Research Papers Presented by Awarded Students at the Third Doctoral and Postdoctoral Daoyuan Forum

The Third Doctoral and Postdoctoral Daoyuan Academic Forum was successfully held on January 13th. It aims to create a broad space and a platform for exchange, facilitating intellectual clashes, experience sharing, and deepening collaboration to promote the improvement of doctoral students and postdoctoral groups in academic atmosphere, innovative ability, research quality, and research achievements. The forum was jointly organized by the Shenzhen Research Institute of Big Data and the Chinese University of Hong Kong, Shenzhen. It was initiated in November 2023 for paper submissions and received active participation and support from various departments.

During this forum, Yingru Li from the School of Science and Engineering (SSE) and Junwen Qiu from the School of Data Science (SDS) were awarded the first and second prizes, respectively, in the oral presentation category. Shaokui Wei and Ziniu Li, from SDS, received the first and second prizes, respectively, in the poster presentation category.

The following are the papers shared by the award-winning students.

In this poster presentation, we delve into the issue of backdoor attacks in machine learning models and introduce a novel method for purifying a backdoored model using a small clean dataset. Backdoor attacks involve an adversary's manipulation of the training set with poisoned samples to create a model that behaves normally on benign data but redirects specific trigger-embedded inputs to target classes. Our research connects the backdoor risk with adversarial risk and develops a new upper bound that focuses on shared adversarial examples (SAEs) between the contaminated and purified models. Leveraging this insight, we formulate a bi-level optimization problem for combating backdoors using adversarial training techniques. The proposed approach, Shared Adversarial Unlearning (SAU), operates in two stages: first, it generates SAEs; then, it strategically unlearns these SAEs to ensure they are correctly classified by the purified model or lead to dissimilar predictions between the two models. This process effectively mitigates the backdoor effect in the original model. Empirical evaluations across multiple benchmark datasets and network architectures demonstrate that our SAU method achieves state-of-the-art performance in defending against backdoor attacks.
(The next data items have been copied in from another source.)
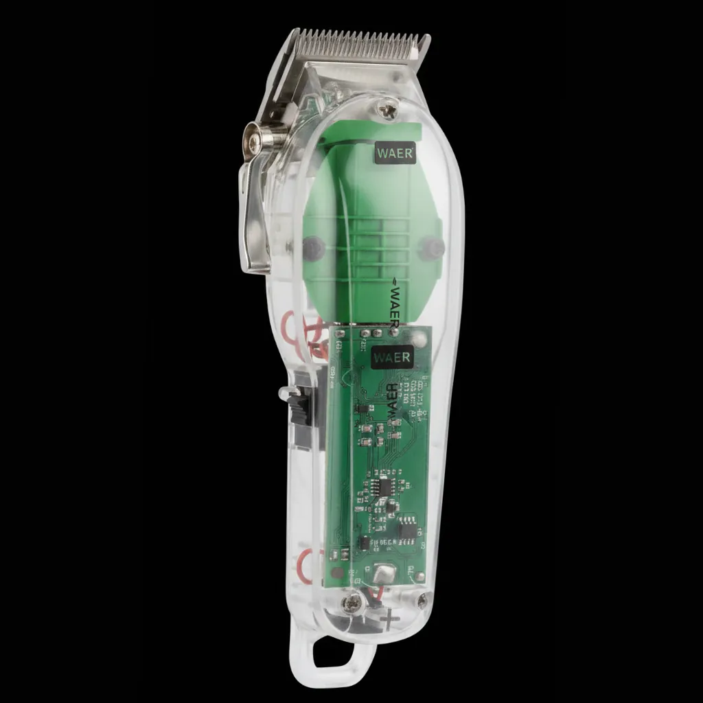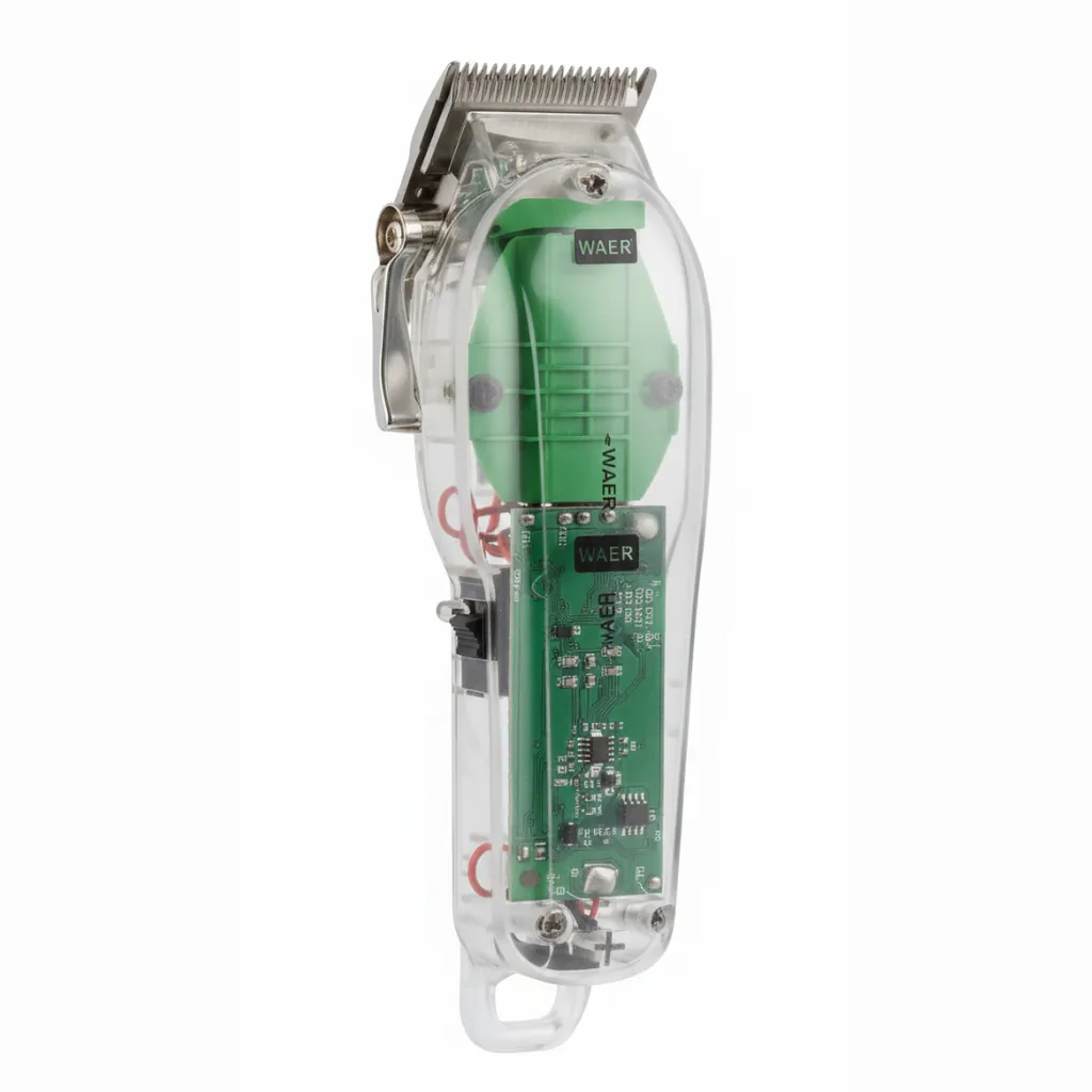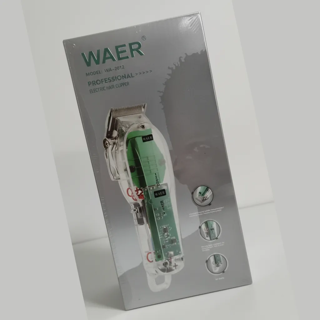 The WAER WA-2012 Professional Electric Hair Clipper is designed for powerful performance and modern style. Featuring a unique transparent body design, this clipper gives a premium and professional look while delivering strong cutting performance.
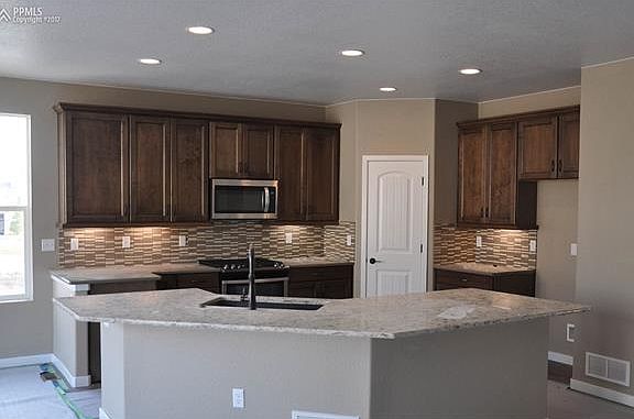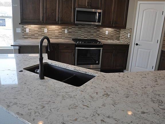Ready Now! Rosewood ranch plan with 2 car garage Banning Lewis Ranch. 4 bedroom, 3 bath home. French door at master bath. Maple Husk cabinets with black glaze and 42" uppers in kitchen. Quartz kitchen counters, stainless steel appliances with gas range. Tile flooring in laundry & baths. Oil rubbed bronze hardware. Air conditioning. Gas fireplace in great room. Finished basement includes 1ft. taller ceilings plus 2 bedrooms, 1 bathroom and recreation room. Exterior living includes 10x10 patio with gas line.
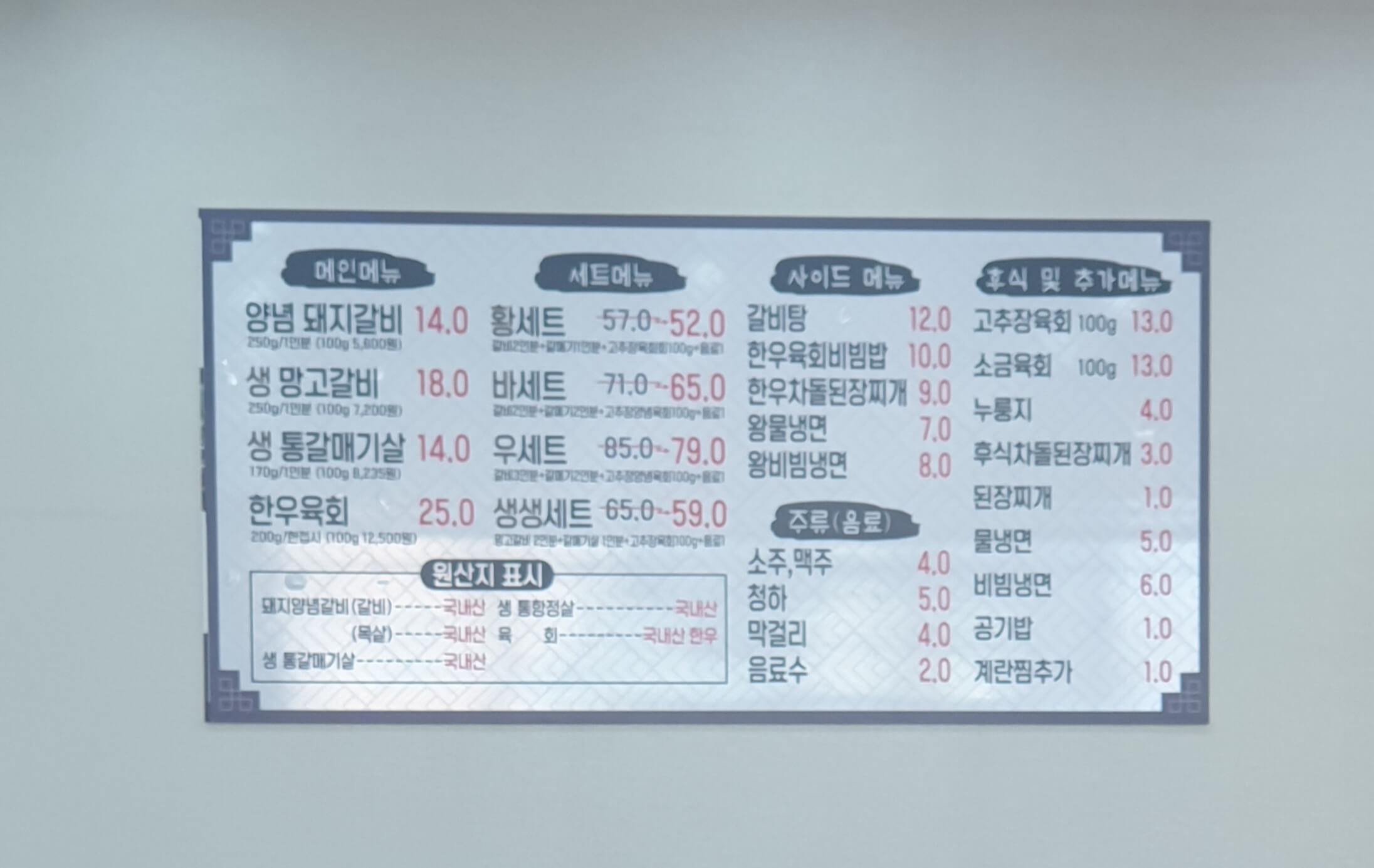 양념 돼지갈비가 먹고 싶었지만 아버지가 당이 있으셔서 예전에는 없었던 메뉴인 생 망고 갈비를 시켜보기로 했다.

Under resource constraints, reinforcement learning (RL) agents need to be simple, efficient and scalable with (1) large state space and (2) increasingly accumulated data of interactions when deploying in complex environments. We propose the HyperAgent, a RL framework with hypermodel, index sampling schemes and incremental update mechanism, enabling computation-efficient sequential posterior approximation and data-efficient action selection under general value function approximation beyond conjugacy. The implementation of HyperAgent is simple as it only adds one module and a line of code additional to DDQN.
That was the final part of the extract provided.